Material shown:
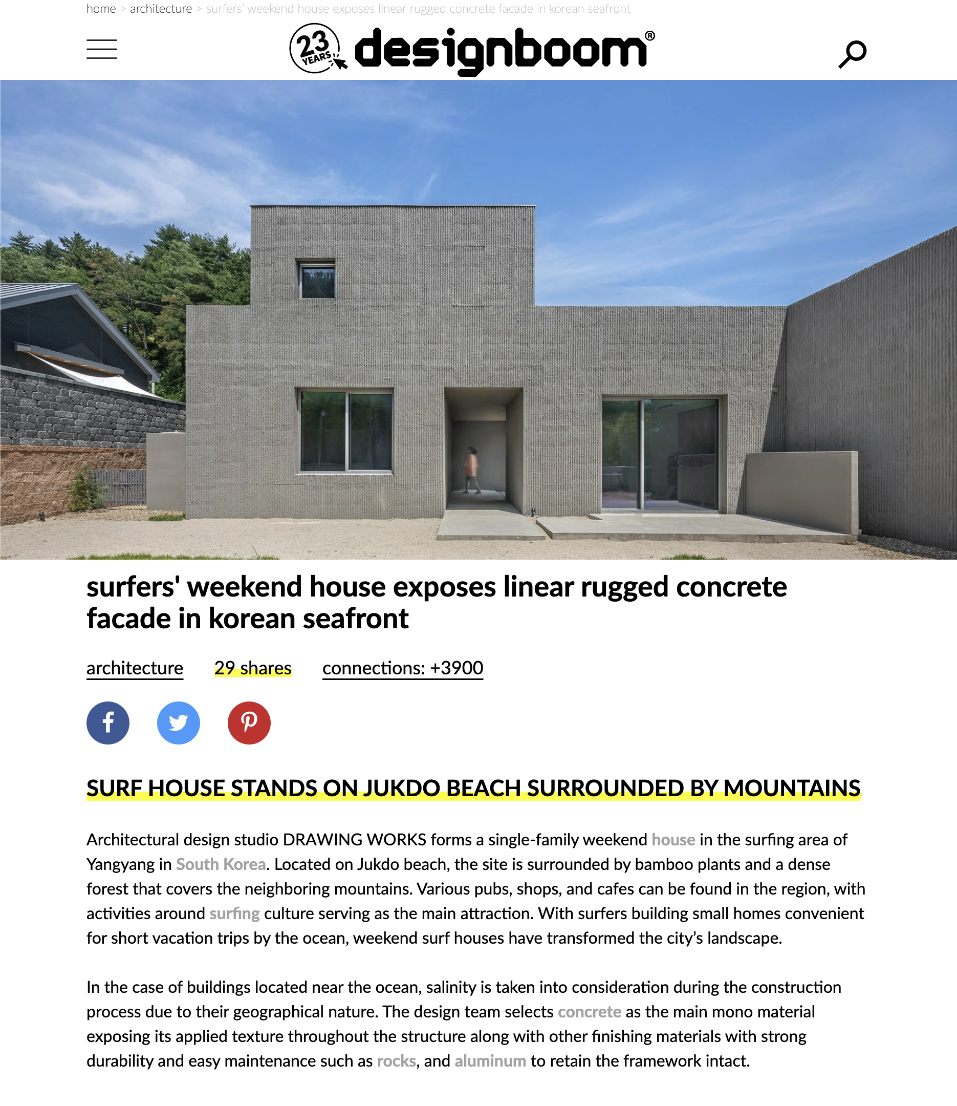 양양 서프하우스(Surf House)가 해외 건축웹진 archdaily와 designboom에 소개되었습니다.
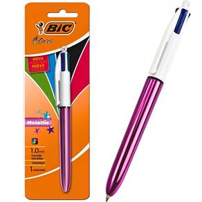 A caneta esferográfica BIC 4 Cores é um ícone de mercado! Muito prática: com apenas um clique no botão você seleciona a cor que deseja - azul, preto, vermelho ou verde. Possui corpo metálico, que traz um ar moderno e atraente para essa tradiconal caneta da BIC. Ponta média de 1 mm - largura da linha 0,4 mm. Qualidade e eficiência, não trava durante o uso e escreve de 2 a 3km. Com a linha de materiais da BIC você garante toda a qualidade necessária para realizar suas tarefas diárias e trabalhos impecáveis.
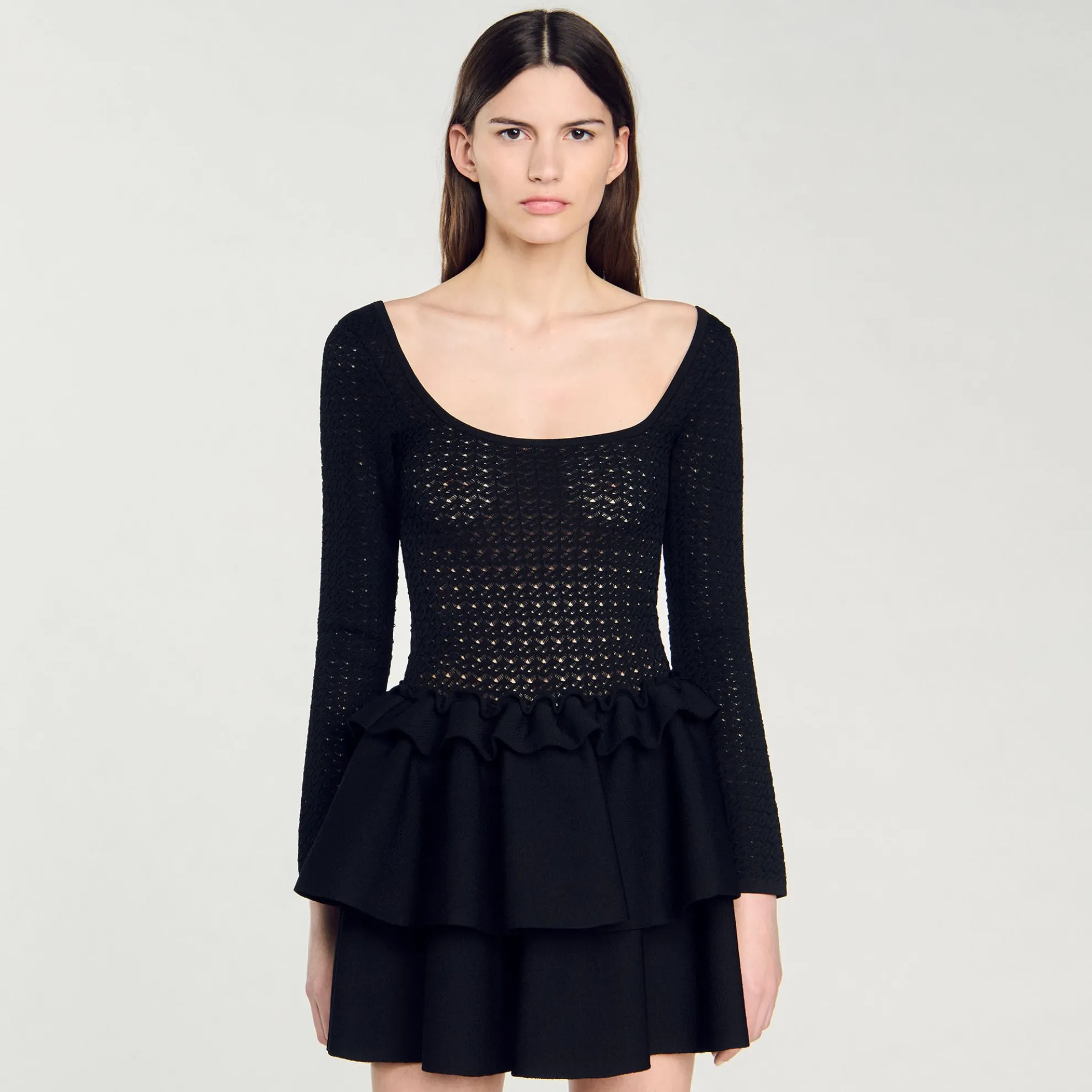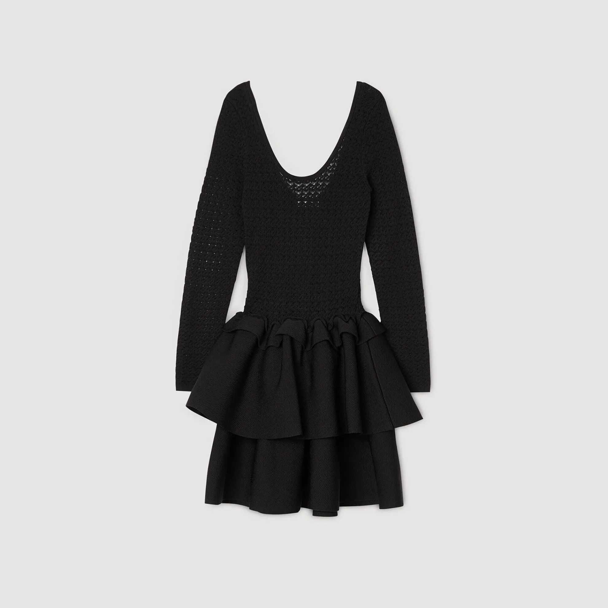 Jurk met trompe l’œil-effect met een gebreide top met ronde kraag en lange mouwen en een wijde rok met ruches.
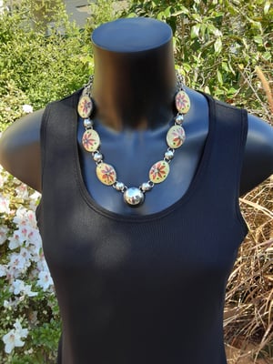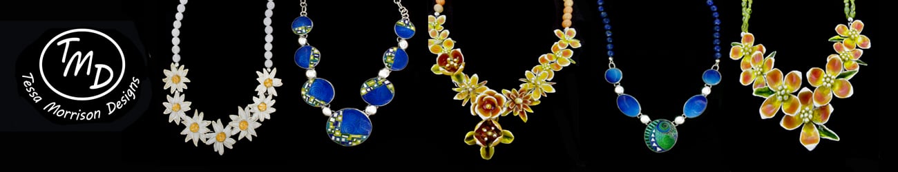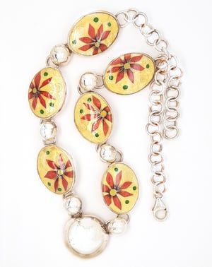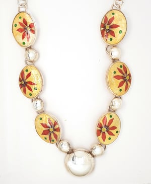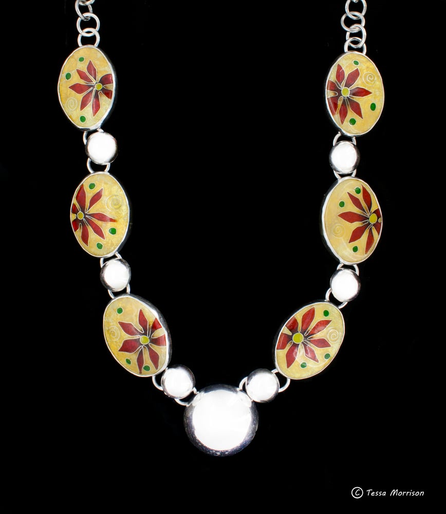 This necklace has six cloisonné enamels on 24 carat gold foil on pure silver. Nothing like the glimmer of gold under the transparent enamels it gives greater depth to the red and the transparent enamel glimmers. The settings, chain and domes are sterling silver. The length is adjustable, from 41 mm to 50 mm but it can be made longer or shorter if required. The model wearing the necklace is life-size to the scale of the necklace. This necklace is unique and completely handcrafted (with the exception of the catch) and uses the highest quality material.
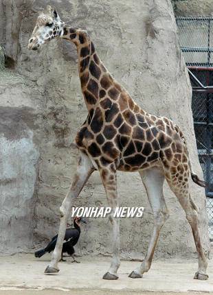<yonhapPHOTO-0152> **FILE** Gemina, a giraffe with a distinctive crooked neck and one of the most beloved animals at the Santa Barbara Zoo, died Wednesday, Jan. 9, 2007. The 21-year-old is shown on her last birthday, July 16, 2007 at the California zoo. (AP Photo/News-Press,Michael Moriatis) /2008-01-11 06:56:14/
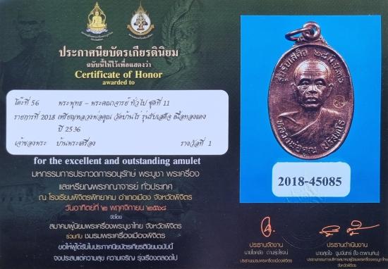 เหรียญหลวงพ่อคูณ วัดบ้านไร่ รุ่นรับเสด็จ บล็อก อ.แตก เนื้อทองแดงผิวไฟ ปี 2536 พร้อมใบประกาศ ติดรางวัลที่ 1 งานจังหวัดจังหวัดพิจิตร (งานสมาคมฯ) |

Required work:
Please print all the lines above exactly as given and leave out every picture.

Result:
 양양 서프하우스(Surf House)가 해외 건축웹진 archdaily와 designboom에 소개되었습니다.
 A caneta esferográfica BIC 4 Cores é um ícone de mercado! Muito prática: com apenas um clique no botão você seleciona a cor que deseja - azul, preto, vermelho ou verde. Possui corpo metálico, que traz um ar moderno e atraente para essa tradiconal caneta da BIC. Ponta média de 1 mm - largura da linha 0,4 mm. Qualidade e eficiência, não trava durante o uso e escreve de 2 a 3km. Com a linha de materiais da BIC você garante toda a qualidade necessária para realizar suas tarefas diárias e trabalhos impecáveis.
 Jurk met trompe l’œil-effect met een gebreide top met ronde kraag en lange mouwen en een wijde rok met ruches.
 This necklace has six cloisonné enamels on 24 carat gold foil on pure silver. Nothing like the glimmer of gold under the transparent enamels it gives greater depth to the red and the transparent enamel glimmers. The settings, chain and domes are sterling silver. The length is adjustable, from 41 mm to 50 mm but it can be made longer or shorter if required. The model wearing the necklace is life-size to the scale of the necklace. This necklace is unique and completely handcrafted (with the exception of the catch) and uses the highest quality material.
<yonhapPHOTO-0152> **FILE** Gemina, a giraffe with a distinctive crooked neck and one of the most beloved animals at the Santa Barbara Zoo, died Wednesday, Jan. 9, 2007. The 21-year-old is shown on her last birthday, July 16, 2007 at the California zoo. (AP Photo/News-Press,Michael Moriatis) /2008-01-11 06:56:14/
 เหรียญหลวงพ่อคูณ วัดบ้านไร่ รุ่นรับเสด็จ บล็อก อ.แตก เนื้อทองแดงผิวไฟ ปี 2536 พร้อมใบประกาศ ติดรางวัลที่ 1 งานจังหวัดจังหวัดพิจิตร (งานสมาคมฯ) |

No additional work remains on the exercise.